Every day, people send 150 billion new email messages. The number of mobile devices already exceeds the world's population and is growing. With every keystroke and click, we are creating new data at a blistering pace.
This brave new world is a potential treasure trove for data scientists and analysts who can comb through massive amounts of data for new insights, research breakthroughs, undetected fraud or other yet-to-be-discovered purposes. But it also presents a problem for traditional relational databases and analytics tools, which were not built to handle the data being created. Another challenge is the mixed sources and formats, which include XML, log files, objects, text, binary and more.
"We have a lot of data in structured databases, traditional relational databases now, but we have data coming in from so many sources that trying to categorize that, classify it and get it entered into a traditional database is beyond the scope of our capabilities," said Jack Collins, director of the Advanced Biomedical Computing Center at the Frederick National Laboratory for Cancer Research. "Computer technology is growing rapidly, but the number of [full-time equivalent positions] that we have to work with this is not growing.

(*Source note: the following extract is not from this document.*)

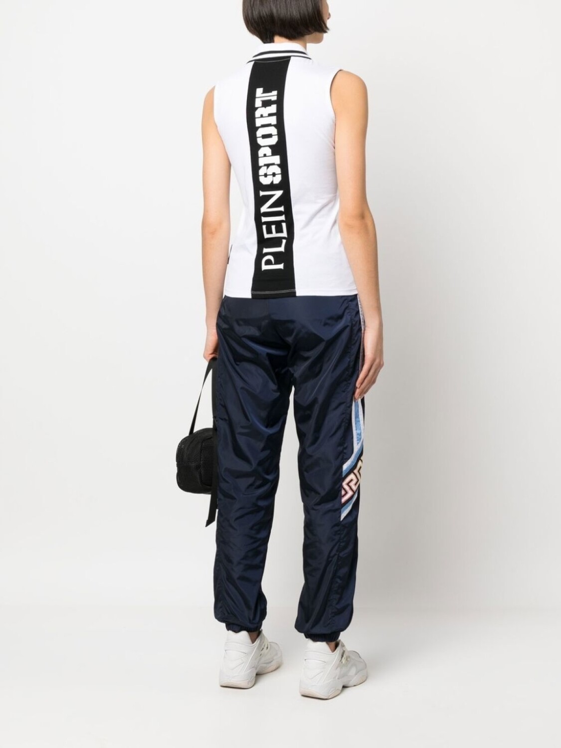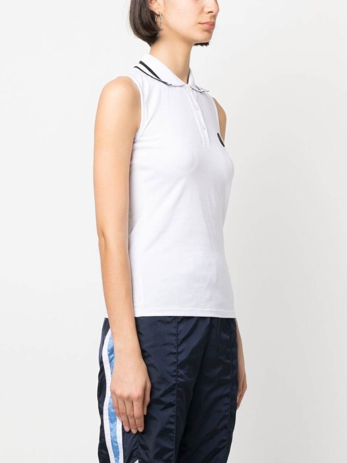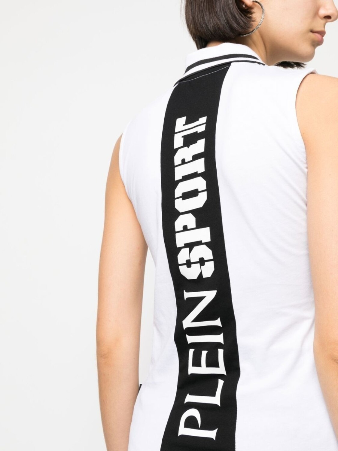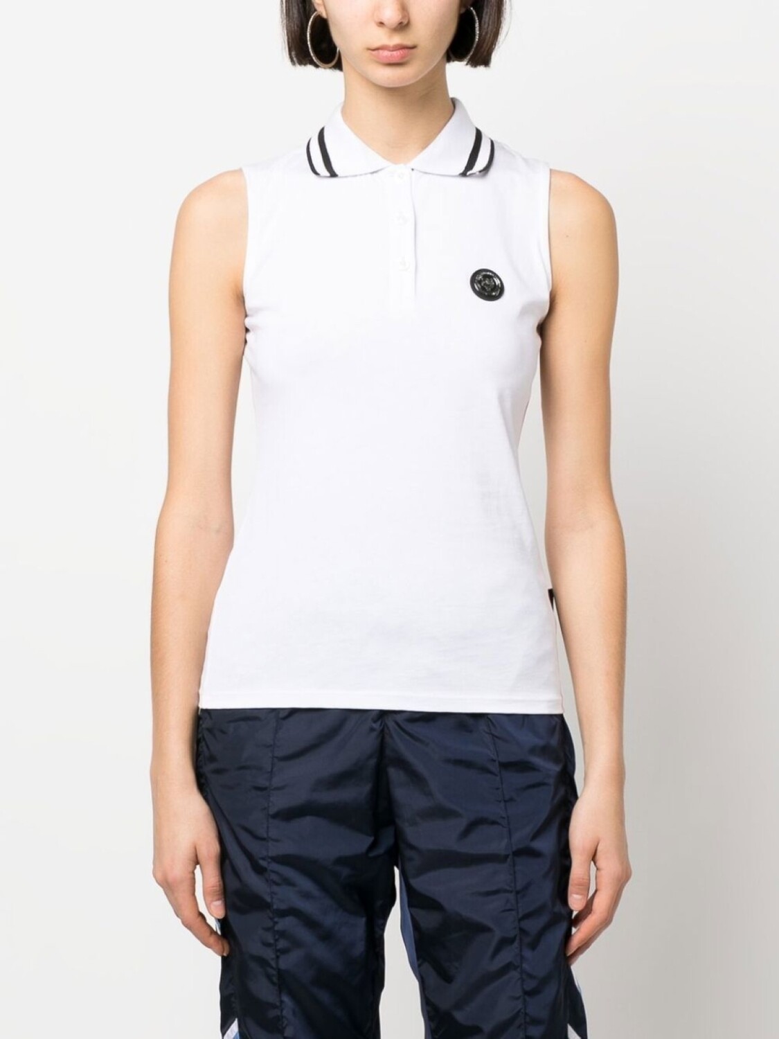 Белый/черный, воротник поло, принт с логотипом сзади, металлический логотип, воротник с вышитым логотипом, планка на пуговицах спереди, круглый вырез и без рукавов.

We have to find a different way."
Enter Apache Hadoop, an open-source, distributed programming framework that relies on parallel processing to store and analyze tremendous amounts of structured and unstructured data. Although Hadoop is far from the only big-data tool, it is one that has generated remarkable buzz and excitement in recent years. And it offers a possible solution for IT leaders who are realizing that they will soon be buried in more data than they can efficiently manage and use.